They keep asking what you are doing. I told them to quit calling her "what."
It's my fault I'm alone. My closest relationship is with my blackberry....thank god it vibrates.
Also I just saw on facebook your sister is taking pole dancing lessons. Just a heads up.
I passed out on the floor of a truck stop. Drinking binge 2011 is now over.
Restaurants Roasting People Who Gave Them Negative Yelp Reviews (25 Pics)
Did they have a limo or was i just stoned?
Considering the last guy I had sex with was gay, this was a huge improvement.
After she lost the bet I made her get on one knee so she could "Te-blow me"
I would've been fine if I didn't do the three shots
You did like 8
Im going to hell in a hand basket. With a ribbon tied to my head. I'll be like a puppy for the devil.
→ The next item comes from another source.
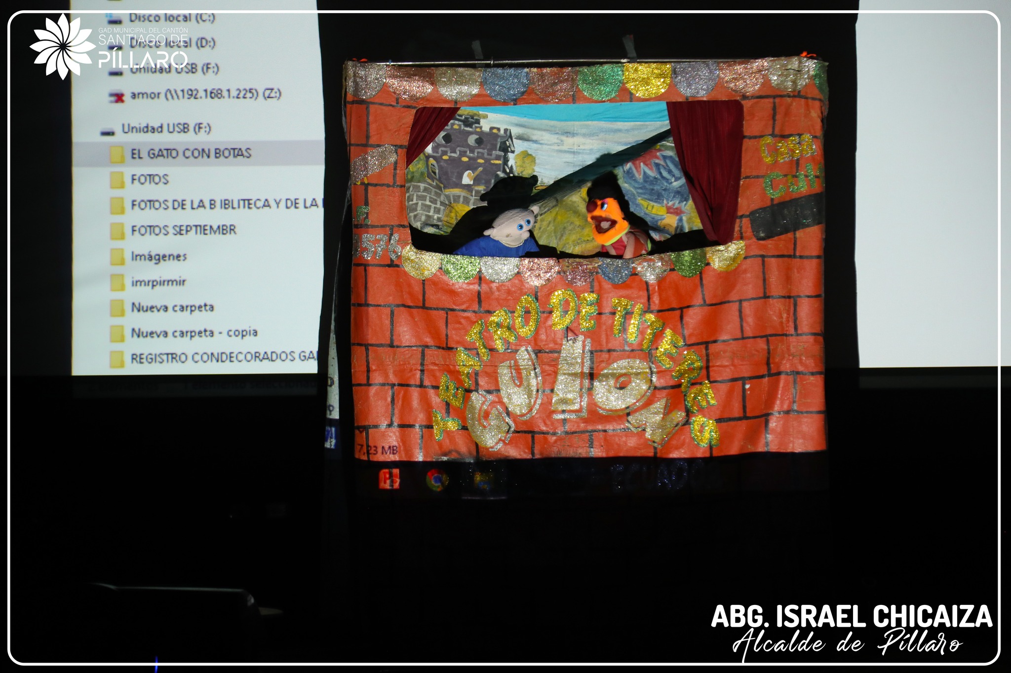 El 𝐀𝐥𝐜𝐚𝐥𝐝𝐞, 𝐈𝐬𝐫𝐚𝐞𝐥 𝐂𝐡𝐢𝐜𝐚𝐢𝐳𝐚 𝐲 𝐥𝐚 𝐏𝐫𝐢𝐦𝐞𝐫𝐚 𝐃𝐚𝐦𝐚 𝐝𝐞𝐥 𝐂𝐚𝐧𝐭𝐨́𝐧 participaron en el taller de teatro, lectura de cuentos y presentación de títeres, organizado por la sección de 𝐂𝐮𝐥𝐭𝐮𝐫𝐚, 𝐃𝐞𝐩𝐨𝐫𝐭𝐞𝐬, 𝐓𝐮𝐫𝐢𝐬𝐦𝐨 𝐲 𝐑𝐞𝐜𝐫𝐞𝐚𝐜𝐢𝐨́𝐧 𝐝𝐞𝐥 𝐆𝐀𝐃𝐌 𝐒𝐚𝐧𝐭𝐢𝐚𝐠𝐨 𝐝𝐞 𝐏𝐢́𝐥𝐥𝐚𝐫𝐨. Este evento gratuito contó con el apoyo de la 𝐔𝐧𝐢𝐯𝐞𝐫𝐬𝐢𝐝𝐚𝐝 𝐓𝐞́𝐜𝐧𝐢𝐜𝐚 𝐝𝐞 𝐀𝐦𝐛𝐚𝐭𝐨, 𝐚 𝐭𝐫𝐚𝐯𝐞́𝐬 𝐝𝐞 𝐬𝐮 𝐃𝐢𝐫𝐞𝐜𝐜𝐢𝐨́𝐧 𝐝𝐞 𝐂𝐮𝐥𝐭𝐮𝐫𝐚. 🎨📚🎶

Woman Posts Harassing DMs From Creep Online, Now He’s Upset Because People Told His Mom
Obviously a higher power wants us to be sunday drunk together
dont eat that thats our sex nutella.
I'm going back to his house to watch wreck it Ralp.
Hey, Monsters Inc. got me laid. Disney man, who knew it leads to sex.
I'm using emojis for drug deals now. It's time to kill me.
Okay. So did I kiss you last night? I know that I made out with someone. Or a few someones. But I'm pretty sure that I made out with you. Was that real life?
My first hangover at work. I'm officially an adult.